*** DATA SEGMENT ***

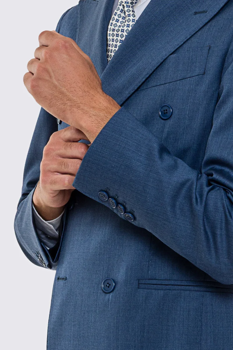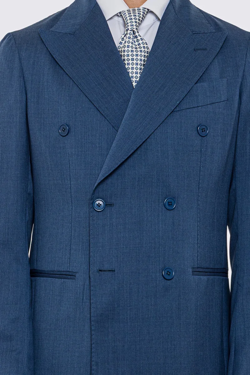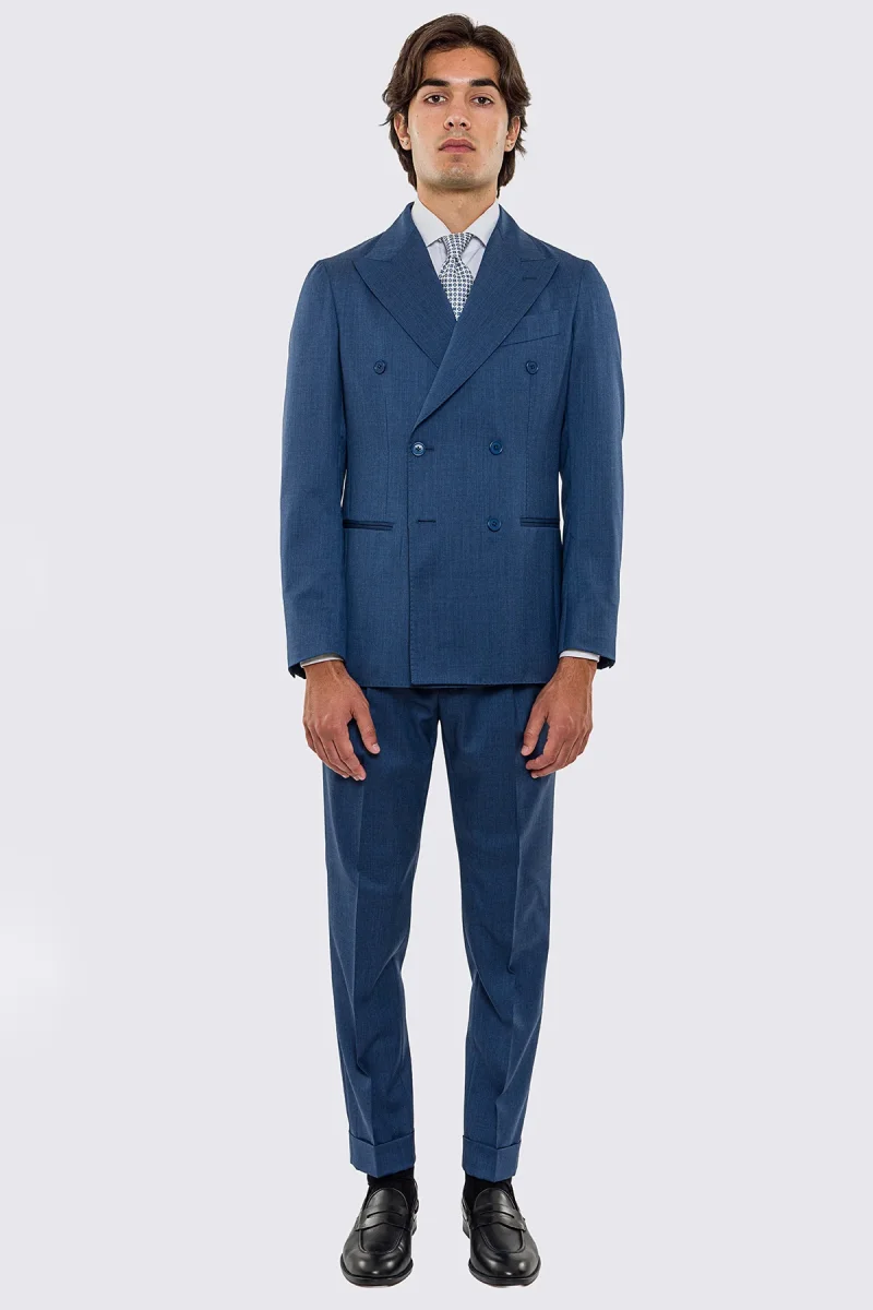 Abito uomo doppiopetto Denim fresco lana super 130’s Vitale Barberis Canonico sfoderata Rever a lancia tasche a filo
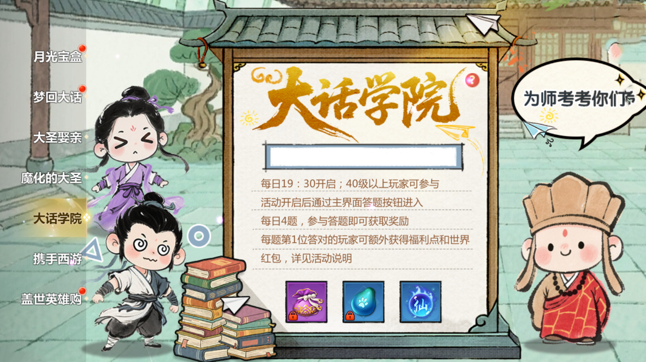 受到魔气感染的大圣将在活动指定时间内出现在云灵山,请全服玩家前往镇压!另外,对大话西游电影有所了解的蜀友可有福了,大话学院问答活动上线,每日答题获得超值奖励,其中大部分问题与大话西游电影有关,没有把握的话也可以再看看电影回顾一下哦。
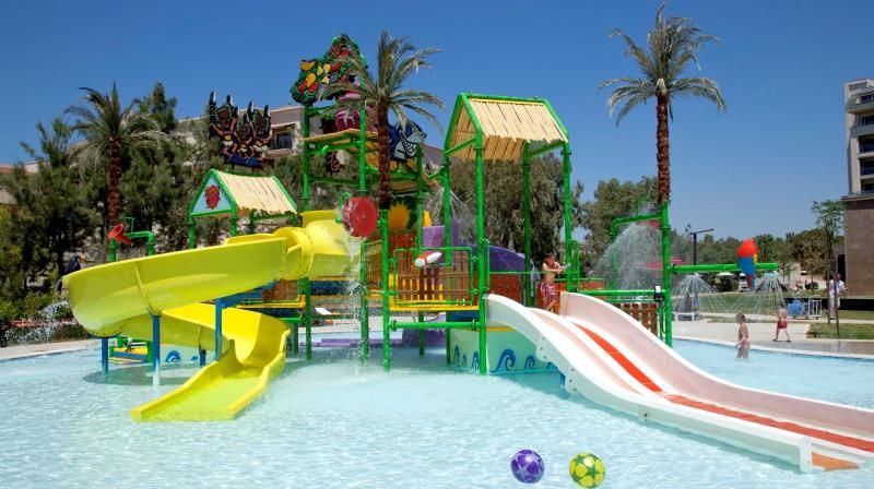 Маленьким гостям предлагаются уникальные возможности для отдыха с множеством разнообразных развлечений: спортивные мероприятия, анимационные программы, туннель приключений, аквапарк, мини-дискотека, фантастический замок, бассейны с водными горками, детские бассейны, джакузи, игровые фонтаны, батут, специальные игровые площадки, площадки с тровяным покрытием, Playstation, прокат багги, кит-кар, трассы, скутеры «Inline», детский ресторан, детская кухня, магазин детских товаров, услуги опытных нянь, спальные комнаты, мастерские ручных работ, велосипеды, библиотека, кинотеатр, интернет-кафе, мини-баскетбол, мини-волейбол, мини-футбол и общие игровые зоны.
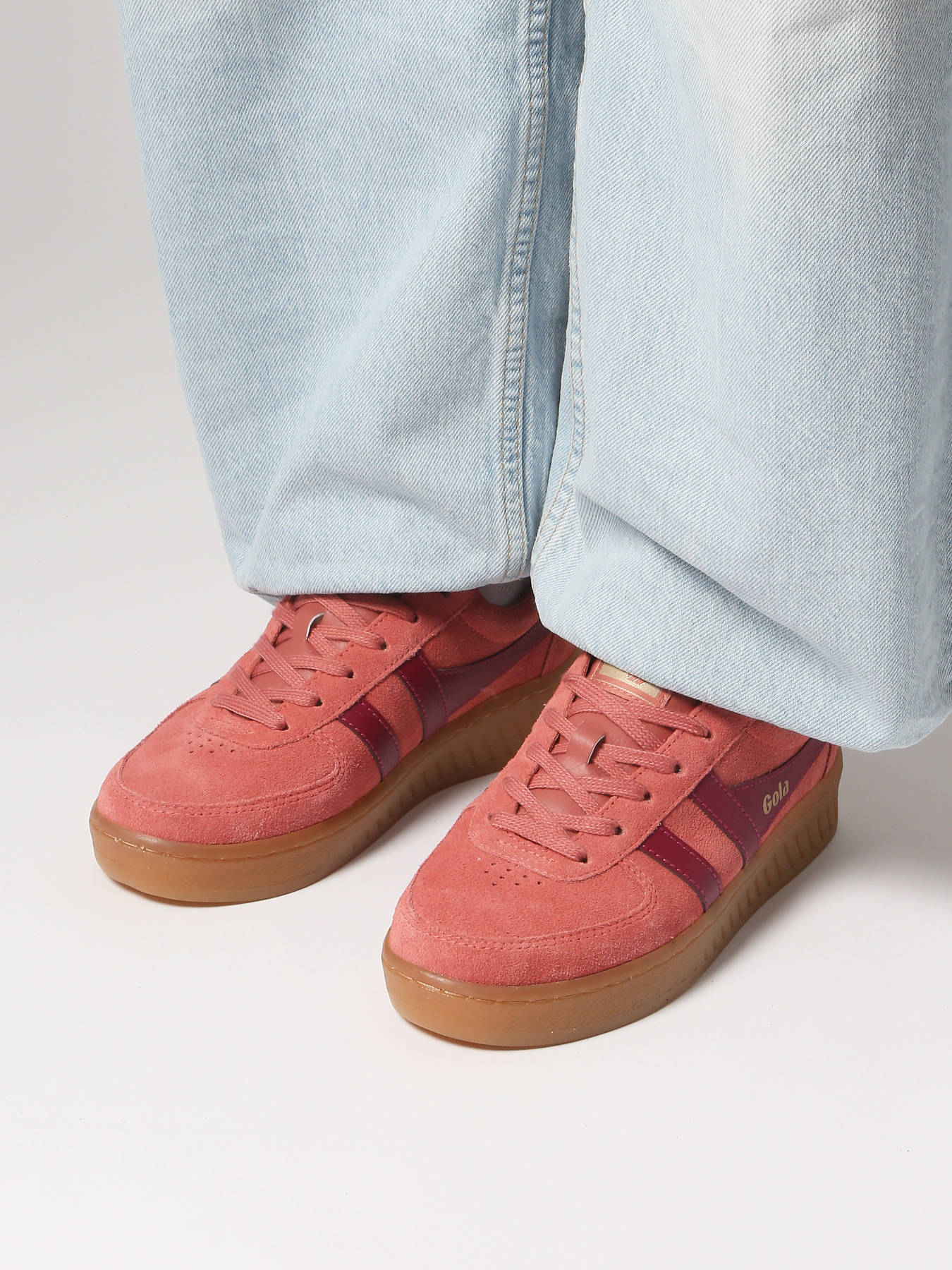 De GRANDSLAM SUEDE sneaker van GOLA herwerkt een klassieker in courtschoenenstijl met een trendy en vrouwelijke touch. Deze roze/off-white versie valt op door de roze suède bovenkant, gecombineerd met een zijlogo van Gola en een off-white hielstuk, allemaal geplaatst op een retro gumzool. Dit iconische model, geïnspireerd door het sportieve erfgoed van het merk, belichaamt perfect de balans tussen vintage stijl en modern comfort. Ideaal voor dagelijks gebruik, past het gemakkelijk bij casual en eigentijdse outfits. Een must-have voor iedereen die traditie en moderniteit elegant wil combineren.

*** End of DATA SEGMENT ***

# YOUR INSTRUCTIONS
The copy should run from the first line of the material above through the line with "Маленьким гостям предлагаются", repeated exactly and without pictures.

# WRITTEN RESPONSE
 Abito uomo doppiopetto Denim fresco lana super 130’s Vitale Barberis Canonico sfoderata Rever a lancia tasche a filo
 受到魔气感染的大圣将在活动指定时间内出现在云灵山,请全服玩家前往镇压!另外,对大话西游电影有所了解的蜀友可有福了,大话学院问答活动上线,每日答题获得超值奖励,其中大部分问题与大话西游电影有关,没有把握的话也可以再看看电影回顾一下哦。
 Маленьким гостям предлагаются уникальные возможности для отдыха с множеством разнообразных развлечений: спортивные мероприятия, анимационные программы, туннель приключений, аквапарк, мини-дискотека, фантастический замок, бассейны с водными горками, детские бассейны, джакузи, игровые фонтаны, батут, специальные игровые площадки, площадки с тровяным покрытием, Playstation, прокат багги, кит-кар, трассы, скутеры «Inline», детский ресторан, детская кухня, магазин детских товаров, услуги опытных нянь, спальные комнаты, мастерские ручных работ, велосипеды, библиотека, кинотеатр, интернет-кафе, мини-баскетбол, мини-волейбол, мини-футбол и общие игровые зоны.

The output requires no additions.